Sillers ran multiple cotton plantations, labored by African-American tenant workers after Emancipation, that he had inherited from his family. He owned a law office and Rosedale's bank. He practiced law in Bolivar County for sixty years. As a cotton planter, he played a prominent role in the economic and agricultural culture of the Delta region. He advocated for crop control policies via the development of planter's cooperatives throughout the Southern United States. He was a charter member of the Staple Cotton Cooperative Association of Greenwood, one of the first co-ops to be established in the region.
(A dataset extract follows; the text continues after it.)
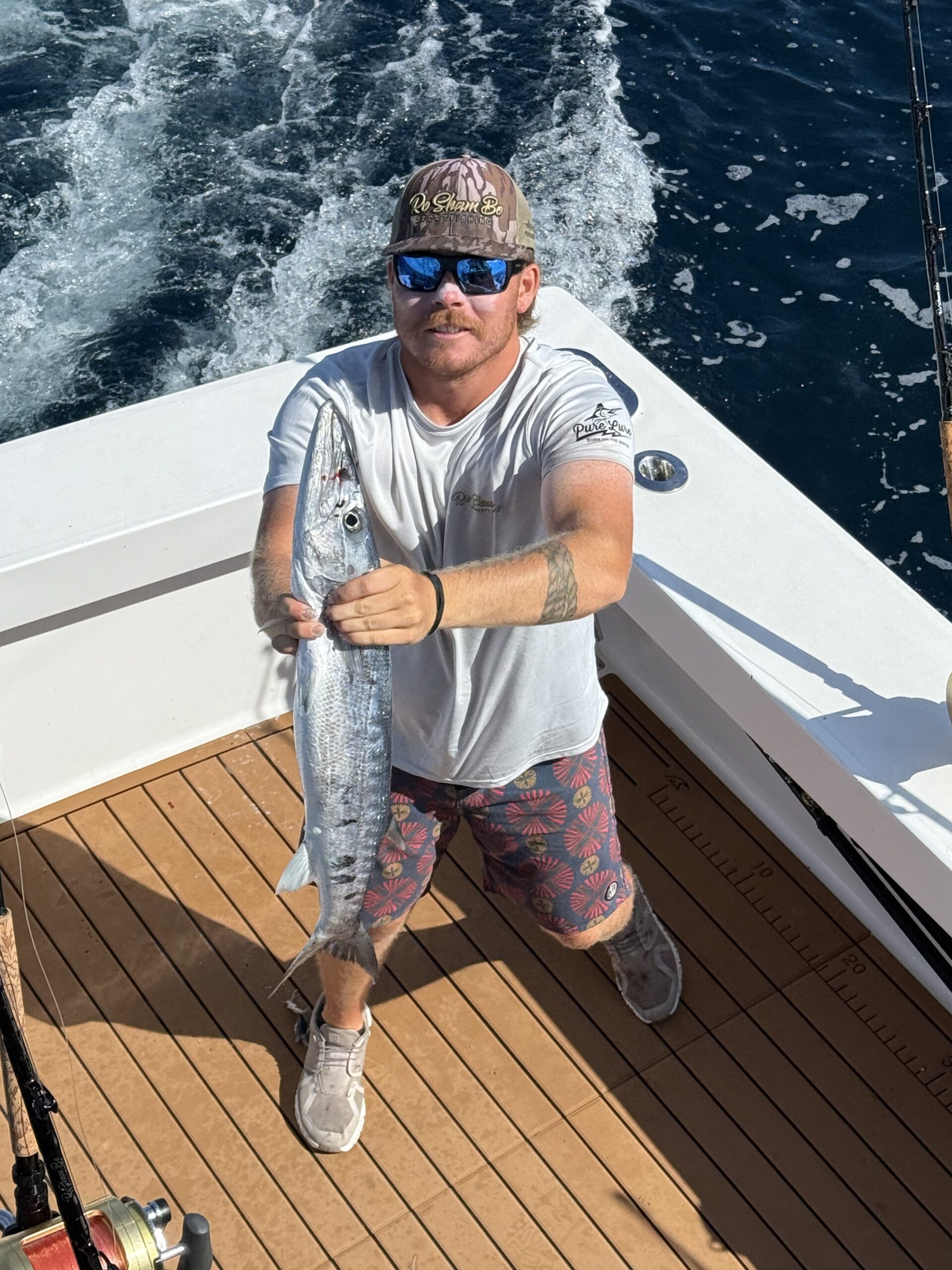 Captain Willie Zimmerman of the RoShamBo caught a fish today that we don’t see a ton of when an angler reeled this barracuda to the gunwale. Mate Joey held the fish for a quick pic before releasing it to the sea.

Sillers was a member of the Levee Board and served as the board's attorney from 1895 to 1904. He began his interest in the development of levees on his family's plantation at Lake Beulah, where he worked as a levee guard during the flood seasons. He was officially appointed to the board by Governor Earl Brewer in 1915. He was elected president of the Board of Levee Commissioners in 1924 and held that position until his death in 1931. In this capacity, he played a leading role in designing, building, and policing the levees. He advocated for Congressional approval for the separation of flood control from the provisions of the Rivers and Harbors Act. Sillers also advocated for changes in flood control projects before the U.S. Army Corps of Engineers. He was responsible for the creation of the Ashbrook impoundment area near Greenville, the reopening of the Brunswick Gap as an outlet for the Yazoo River, Coldwater River and Sunflower River, and advocated for the construction of the Eudora Spillway through Cypress Creek, Atchafalaya River, and Red River.
Personal life
Sillers married Ida Gayden and had two children, Maude Evelyn Sillers and Walter Sillers. In 1884 he moved to Rosedale from Beulah after the death of his first wife and infant son, Walter, shortly after the boy was born. He remarried seventeen-year-old Florence Carson Warfield in April 1887. They had had six children; Anna Farrar Sillers, Mary Sillers Skinner, Florence Sillers Ogden, Walter Sillers Jr., Evelyn Sillers Pearson, and Lillian Burrill Sillers Holleman. Sillers built a large mansion on Levee Street in Rosedale in 1889.